Data on the inheritance of IgA deficiency are contradictory. Most reports do not indicate the possibility of a genetically determined defect; its frequency in families indicates both autosomal dominant and recessive types of inheritance. The most frequently detected abnormalities are chromosome 18, in particular deletion of its long arm and other disorders. The frequency of correspondence of the defect in children and parents indicates a possible pathogenetic role of transplacental transfer of IgA class antibodies.

Deficiency of secretory IgA may be due to a violation of the synthesis of the secretory component; in addition, data have been obtained on the disruption of the process of migration of IgA-secreting B cells in the mucous membrane. In these cases, the concentration of serum IgA is maintained at normal levels.

Complete or almost complete (< 10 мг%) отсутствие IgA in serum and its secretion by B lymphocytes is the most common violation of humoral immunity. The frequency of this immunodeficiency, even among practically healthy donors, is, according to some data, 0.33%.

Genetics and pathogenesis immunoglobulin A deficiency(IgA). The molecular basis of the deficiency remains unknown. As with OVGG, the number and phenotype of blood B lymphocytes are normal. Sometimes IgA deficiency resolves spontaneously or after discontinuation of phenytoin. Analysis of pedigrees indicates autosomal dominant inheritance of this syndrome and different expressivity of the same gene.
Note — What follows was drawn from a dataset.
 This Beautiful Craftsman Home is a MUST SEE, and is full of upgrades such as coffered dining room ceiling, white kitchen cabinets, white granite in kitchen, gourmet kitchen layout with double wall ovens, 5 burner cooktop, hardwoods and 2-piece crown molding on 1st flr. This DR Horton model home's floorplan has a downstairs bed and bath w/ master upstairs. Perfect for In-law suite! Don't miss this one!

Isolated IgA deficiency often observed in families of patients with OVGG. Moreover, this syndrome can progress to OVHGG, and the discovery of rare alleles and deletions of HLA class III genes in both conditions indicates that the defective gene common to them is localized precisely in this region of chromosome 6. IgA deficiency was observed in patients receiving the same drugs that provoke the development of OVGG (phenytoin, penicillamine, gold and sulfasalazine), which indicates the role of external factors in the pathogenesis of this syndrome.
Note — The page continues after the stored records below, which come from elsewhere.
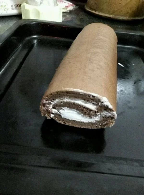 9. 另一面均匀抹上奶油酱(120克),于开头部分约2厘米处浅切一刀,再用擀面杖与蛋糕纸将其卷起即可。
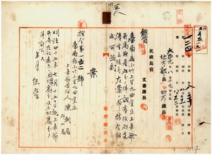 陳朝居外二名上帝爺所屬土地ニ屬スル典權及土地處分許可
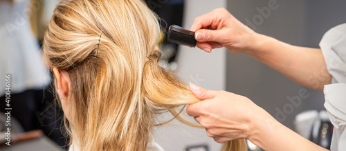 Naklejka premium Rear View of a hairdresser combs blonde hair of the young woman in a beauty...

Clinical manifestations immunoglobulin A deficiency(IgA). Infections primarily affect the respiratory, digestive and genitourinary systems. The causative agents are the same bacteria as in other disorders of humoral immunity. With intranasal administration of inactivated polio vaccine, local production of antibodies of the IgM and IgG classes is observed. The concentration of immunoglobulins in the serum, except IgA, is usually normal, although cases of deficiency of IgG2 (and other IgG subclasses) and the presence of monomeric IgM, the total level of which is usually elevated, have been described.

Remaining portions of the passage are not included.